-- YOUR OBJECTIVE --
Skip the pictures and repeat each line of the data exactly.

#### DATA SHOWN

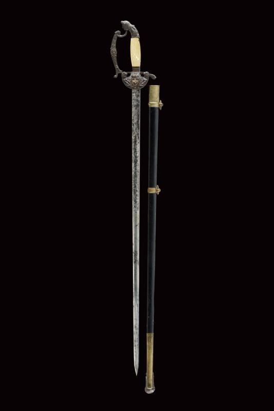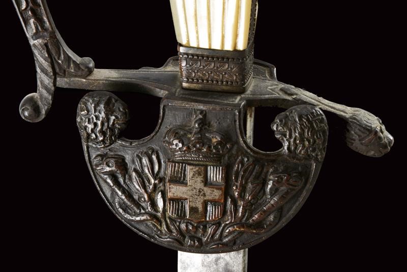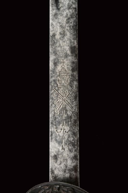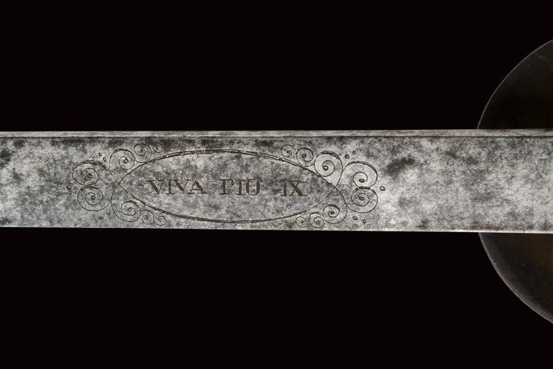 Straight, single-and-false-edged blade, flat at the first part engraved with tiara and keys on one side and with motto "VIVA PIO IX" on the other side. Silver hilt, shell-guard with Savoy coat of arms above two sticks with a snake, borders with lions' heads. Quillon and loop-guard with lion's head and floral decorations, pommel shaped as a head with laurel wreath. Grip with mother-of-pearl grips (a very small missing part). Iron scabbard with silver mounts. Two suspension rings. All in fine, dark patina.
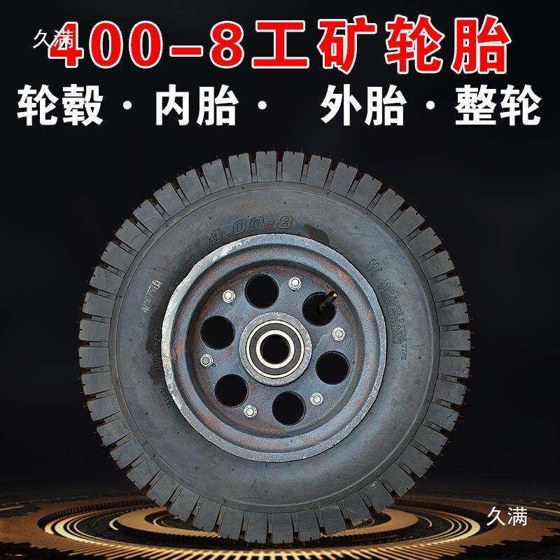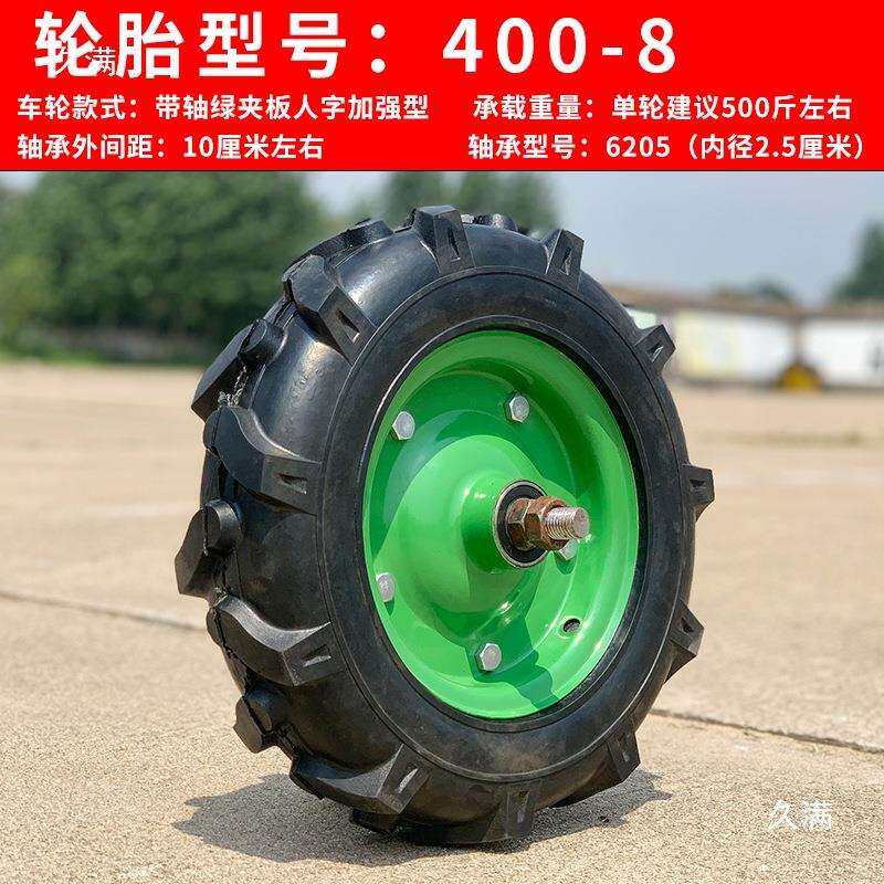 农用400-8脚轮充气轮橡胶实心轮带轴重载独轮滚轮手推车加厚单轮
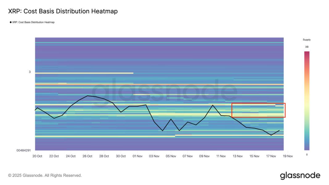 The Glassnode distribution heatmap shows that a large cluster of supply sits between $2.38 and $2.40 (embraced by the 100-day SMA and the triangle’s resistance line), where nearly 3.23 billion XRP were acquired. This marks an area of stiff resistance for XRP, adding to the tailwinds.

########

-- TASK ANSWER --
 Straight, single-and-false-edged blade, flat at the first part engraved with tiara and keys on one side and with motto "VIVA PIO IX" on the other side. Silver hilt, shell-guard with Savoy coat of arms above two sticks with a snake, borders with lions' heads. Quillon and loop-guard with lion's head and floral decorations, pommel shaped as a head with laurel wreath. Grip with mother-of-pearl grips (a very small missing part). Iron scabbard with silver mounts. Two suspension rings. All in fine, dark patina.
 农用400-8脚轮充气轮橡胶实心轮带轴重载独轮滚轮手推车加厚单轮
 The Glassnode distribution heatmap shows that a large cluster of supply sits between $2.38 and $2.40 (embraced by the 100-day SMA and the triangle’s resistance line), where nearly 3.23 billion XRP were acquired. This marks an area of stiff resistance for XRP, adding to the tailwinds.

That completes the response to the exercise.